# GIVEN MATERIAL
● ● ● ● ●
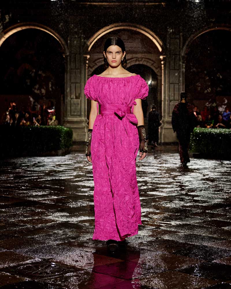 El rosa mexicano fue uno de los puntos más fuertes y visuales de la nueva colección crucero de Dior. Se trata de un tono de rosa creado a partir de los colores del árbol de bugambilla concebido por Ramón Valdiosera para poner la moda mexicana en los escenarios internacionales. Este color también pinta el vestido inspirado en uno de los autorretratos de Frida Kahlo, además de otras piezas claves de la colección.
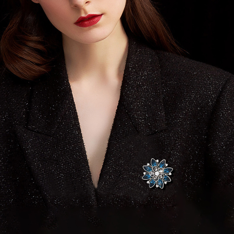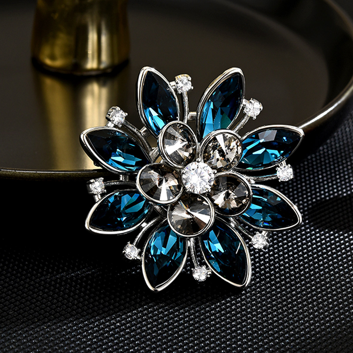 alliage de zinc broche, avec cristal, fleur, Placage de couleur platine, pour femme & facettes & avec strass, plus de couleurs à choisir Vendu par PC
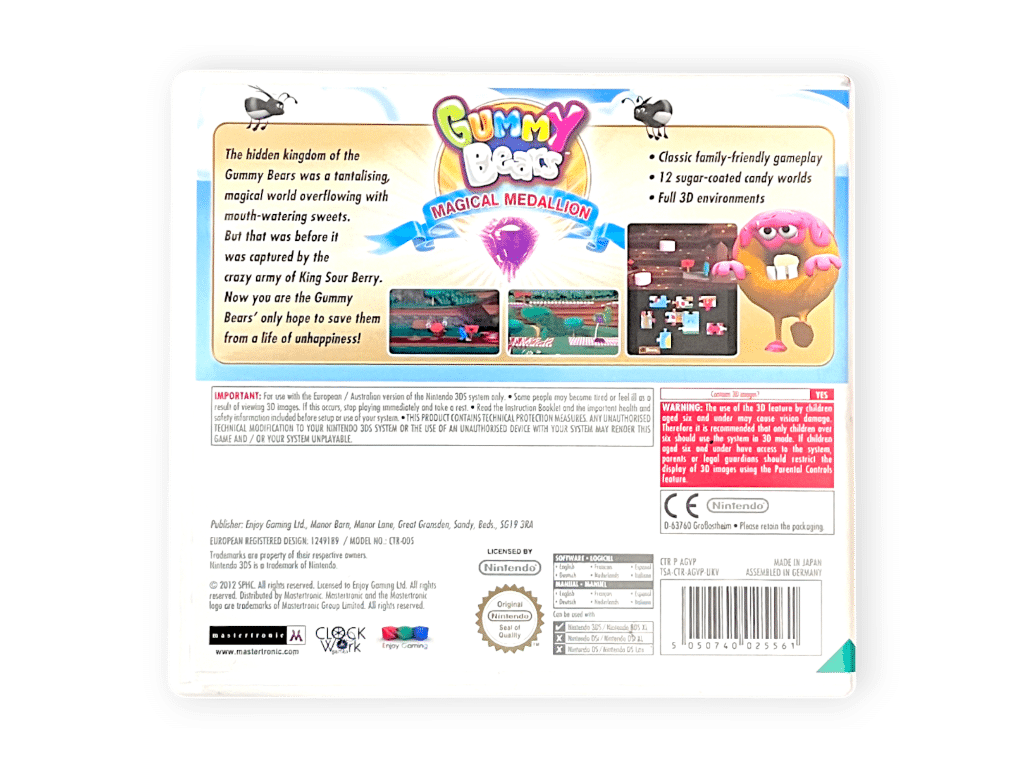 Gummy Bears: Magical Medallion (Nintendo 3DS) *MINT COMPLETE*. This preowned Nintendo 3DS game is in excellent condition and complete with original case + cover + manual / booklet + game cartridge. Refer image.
● ● ● ● ●
# WHAT NEEDS TO BE DONE
Retype the data above verbatim, minus images.

# EXERCISE SOLUTION
 El rosa mexicano fue uno de los puntos más fuertes y visuales de la nueva colección crucero de Dior. Se trata de un tono de rosa creado a partir de los colores del árbol de bugambilla concebido por Ramón Valdiosera para poner la moda mexicana en los escenarios internacionales. Este color también pinta el vestido inspirado en uno de los autorretratos de Frida Kahlo, además de otras piezas claves de la colección.
 alliage de zinc broche, avec cristal, fleur, Placage de couleur platine, pour femme & facettes & avec strass, plus de couleurs à choisir Vendu par PC
 Gummy Bears: Magical Medallion (Nintendo 3DS) *MINT COMPLETE*. This preowned Nintendo 3DS game is in excellent condition and complete with original case + cover + manual / booklet + game cartridge. Refer image.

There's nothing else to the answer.